The South Sudanese government tells The National that there is no formal agreement between the nations to accept refugees from any country. Thousands have arrived in the last years without any state support.
A handful of dedicated advocates in Israel and South Sudan are working with the affected communities to help. After the South Sudanese community was deported from Israel, Israeli Rami Gudovitch co-founded the Come True project, under NGO Become, a sponsorship programme funding the education of 120 deportee children at the Trinity boarding school in Uganda. The group has plans to establish a similar school in Juba.
“I believe it is the responsibility of each and every one of us to make his effort to make the lives of refugees bearable,” Gudovitch says. “My country, Israel, was formed by refugees fleeing from the Nazis while the world turned its back to them … Every single European person who chose to protect and assist Jewish refugees in the Second World War is being remembered by the survivors and their families and friends. Helping refugees is a moral opportunity of the highest degree.”

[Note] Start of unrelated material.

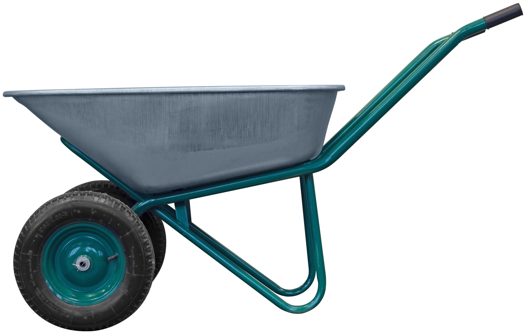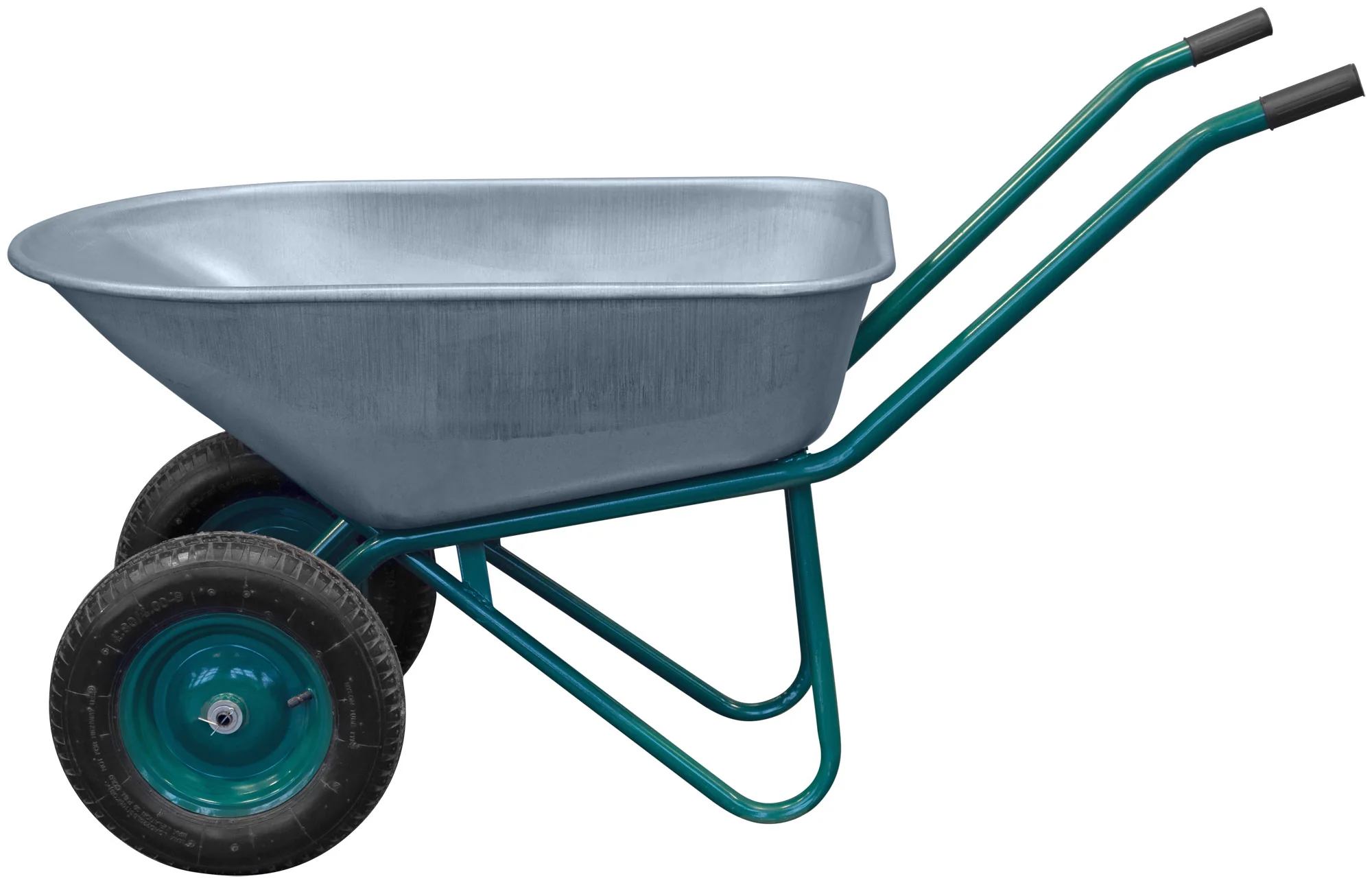 Тачка оснащена прочной стальной оцинкованной рамой и кузовом, что обеспечивает долговечность и устойчивость к коррозии. Надувные колеса диаметром 400 х 90 мм делают передвижение по неровной поверхности легким и плавным.

In Juba, Hakim Monykuer Awuok has formed a partnership with Gudovitch to build a closer relations between Israel and the South Sudanese migrants who lived in Israel. An employee of the ministry of education and co-founder of NGO Empower Kids, Awuok tells The National that he believes Israel should treat its migrants with respect. “It’s a waste of such talented people to be deported here from Israel,” he says. “Building a school is one way to help them.”
Antony Loewenstein is an independent journalist, Guardian columnist and author based in South Sudan.